This procedure was performed as described by Porter et al. (Fig. 1a).¹³ A 1 cm strip of the ITB is harvested, preserving its distal attachment, and passed from superficial to deep, around the proximal lateral collateral ligament before being passed into a bone tunnel deep to the ITB attachment on the tibia. This technique allows the tension in the looped graft is to be increased by pulling on the lead suture, adjusted until the grade of the shift is the same as that in the uninjured contra-lateral knee and secured in its tunnel with a third BioRCI-HA interference screw (Smith & Nephew, MA, USA) with the knee at 30° flexion and neutral rotation.

Details are in the caption following the image — **Fig. 1**
Open in figure viewer PowerPoint

Diagrams of the surgical techniques, (a) the modified ITB tenodesis (MITBT) and (b) the lateral extracapsular tenodesis.

Group 2: LET

The LET is performed as described in the literature (Fig. 1b).⁹ The 1 cm strip of ITB is harvested in a similar manner to the MITBT, with a whip stitch attached to the end of the graft. The ITB graft is passed deep to the LCL and then fixed to the surface of the femur immediately anterior to the lateral intermuscular septum and proximal to the femoral attachment of the LCL using a Richards staple (Smith & Nephew, MA, USA). The graft is ‘hand tensioned’ before fixation with the knee at 60–70° knee flexion, and neutral rotation.

Post-operative protocol

Patients followed the same standard post-operative protocol. Weight bearing was permitted as tolerable immediately following surgery and a brace only used if a meniscal repair was performed. The early emphasis was on achieving full knee extension and quadriceps control, and range of motion was progressed as tolerable.
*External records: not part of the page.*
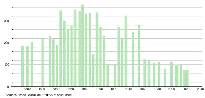 L'évolution du nombre d'habitants est connue à travers les recensements de la population effectués dans la commune depuis 1793. Pour les communes de moins de 10 000 habitants, une enquête de recensement portant sur toute la population est réalisée tous les cinq ans, les populations légales des années intermédiaires étant quant à elles estimées par interpolation ou extrapolation[15]. Pour la commune, le premier recensement exhaustif entrant dans le cadre du nouveau dispositif a été réalisé en 2007[16].
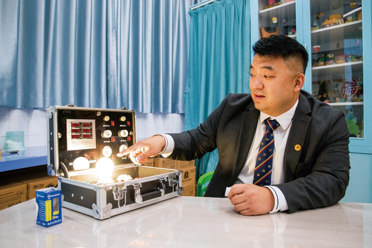 為了迎合澳門家庭及公商業使用電光管的特性,公司還專門研發出液體濾光護眼光管。農曆新年前,他便親自帶隊到澳門弱智人士家長協進會曉光中心,免費為他們更換光管,回饋社會。「一部份輕度弱智人士或自閉症人士,對光的敏感度較大,若使用了低藍光、較柔和的光線,將有助減低刺激他們的情緒。」
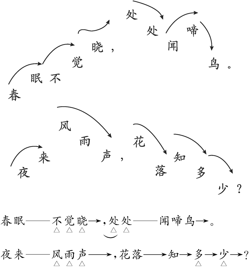“不觉晓”“处处”“风雨声”“多少”基本上突出了诗人的内心感受,轻快型节奏。最后一句,是深沉型渗入句,自问自答,不是疑问,应是感叹。
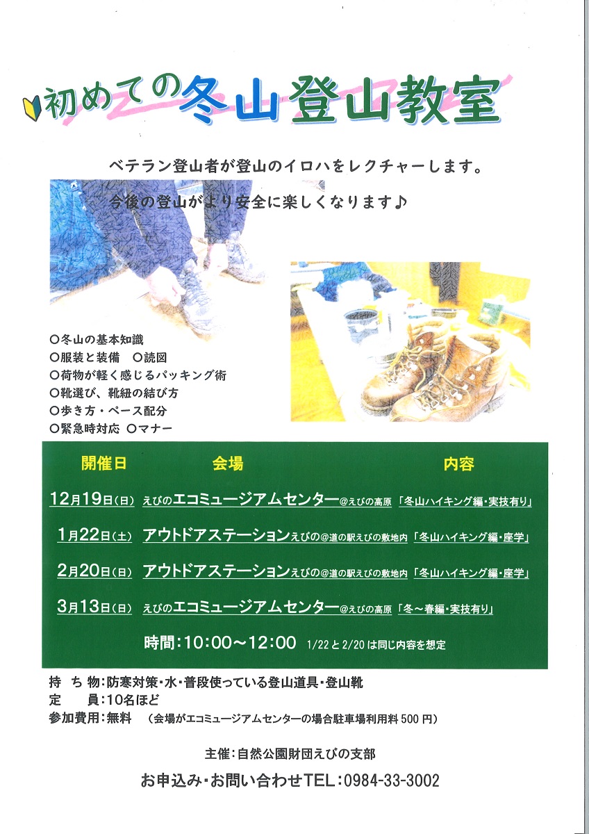 初めての冬山登山教室 「冬山ハイキング編・(実技あり)」
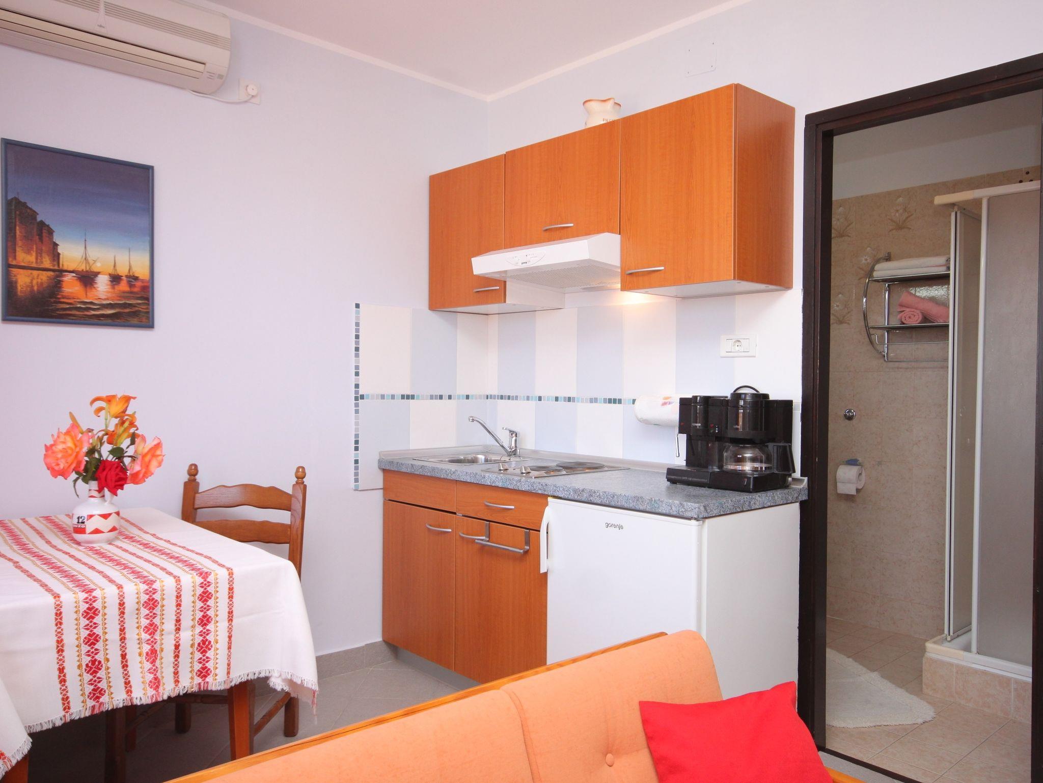 Ferienwohnung bietet Platz für 2 Gäste. Die Betten sind in Schlafzimmern, die es 1 gibt, innerhalb einer Gesamtfläche von 29m2, angeordnet. Die Gäste haben einen eigenen Balkon zur Verfügung, auf der sie in warmen Sommernächten genießen können. Das Apartment bietet Meerblick. Es ist erlaubt, Speisen auf dem Gemeinschafts-Grill vorzubereiten. IM PREIS INBEGRIFFEN: Kurtaxe, Endreinigung, Klimatisierung, Parkplatz, Internet, Kinderbett, Bügeleisen, Bügelbrett, Föhn. VERBINDLICHE ZUSÄTZLICHE KOSTEN: Aufzahlung für Kurzaufenthalte (prozentualer Zuschlag pro Nächtigungsanzahl: 30% - 1, 20% - 2, 10% - 3). UNVERBINDLICHE ZUSÄTZLICHE KOSTEN: Wäschewaschen (5,00 € Waschen). Die Verfügbarkeit zusätzlicher Dienstleistungen in Ihrem reservierten Termin und die Preise derselben (falls nicht aufgeführt) müssen im Voraus überprüft werden. Zusätzliche Dienstleistungen die in der Zahlungsaufforderung nicht aufgeführt sind werden direkt beim Vermieter bezahlt, angenommen der Gast nutzt auch diese.

Closed kinetic exercises were progressed as guided by pain, swelling and function, but no twisting or pivoting was permitted until 6 months post-surgery. Typically patients were using a stationary bike within 3–4 weeks of surgery, and running in straight lines at 3 months. Competitive pivoting sports were allowed at 9–12 months as long as the knee was symptom-free and the strength, balance, proprioception, jumping and landing techniques was similar on both sides.

Outcomes of interest

The following validated patient reported outcomes (PROs), with the appropriate clinically relevant changes in score, were used;

Tegner activity scores (TAS) – 1 point.¹⁴
Subjective International Knee Documentation Committee (IKDC) score – 5 points.^{15, 16}
Knee Osteoarthritis Outcome Score (KOOS) – 10 points.¹⁷
ACL related QoL (ACL QoL) – 10 points.¹⁸

Recurrent ACL rupture, subsequent meniscal tear(s), contralateral ACL rupture and any complications requiring re-admission to hospital and/or further surgery were recorded.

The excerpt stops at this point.